My organization has a small Share Point server (WSS 3.0).Many of the permissions are assigned by putting an Active Directory Security Group as a user inside of a Share Point group. Recently, we noticed that when new users were added to these Active Directory Security Groups, the effective permissions did not update accordingly.

updating ad from sharepoint-71

IRM support has been built in to Share Point as a WSS (now Foundation) technology.
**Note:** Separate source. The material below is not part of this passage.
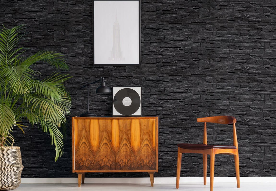 ✔️ Czarny kolor z delikatnym brokatowym połyskiem – ściana wygląda elegancko, nowocześnie i bardziej dekoracyjnie
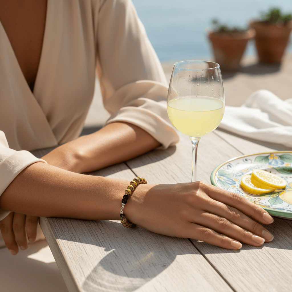 Realizzato con pietre naturali di alta qualità, alterna la superficie screziata dell’Agata Maculata giallo/nera, che rende ogni pezzo assolutamente esclusivo, alla profondità liscia e decisa dell’Onice Nero. Questo contrasto crea un gioiello affascinante e resistente, ideale per essere indossato in qualsiasi occasione. Confortevole per tutto il giorno, è un accessorio che non vorrai più togliere.

WSS/Foundation don’t have a User Profile Service, so the e-mail address information that RMS requires needs to come from somewhere else.

Lastly, there are a few other things to think about before settling on an approach to working with the Timer Jobs.

Having said all of this, I think the Timer Jobs become essential for many deployments in order to keep the User Information List data up to date.

While deleting and re-adding the user from the Site Collection will import their Profile, and they will display correctly, they will not be continuously sync’d, meaning that further changes to the Profile will not be automatically imported to that Site Collection. On certain Site Collections (such as the Root of a Web Application), we will typically see hundreds of thousands of users in the Site Membership, but very few having Contribute or higher permissions.

We would see a significant performance impact if Share Point were to import all those non-Contribute users every hour.

There is another option, if you’re cool with the implications.

The scope of the Timer Jobs can be modified to ignore the tp_Is Active flag with a little-known parameter of STSADM -o Sync: -Ignore Is Active 1.

This is important since there’s a reasonable chance that at least some users will never be able to access RMS-protected content in Share Point by default, or they may lose access over time without them.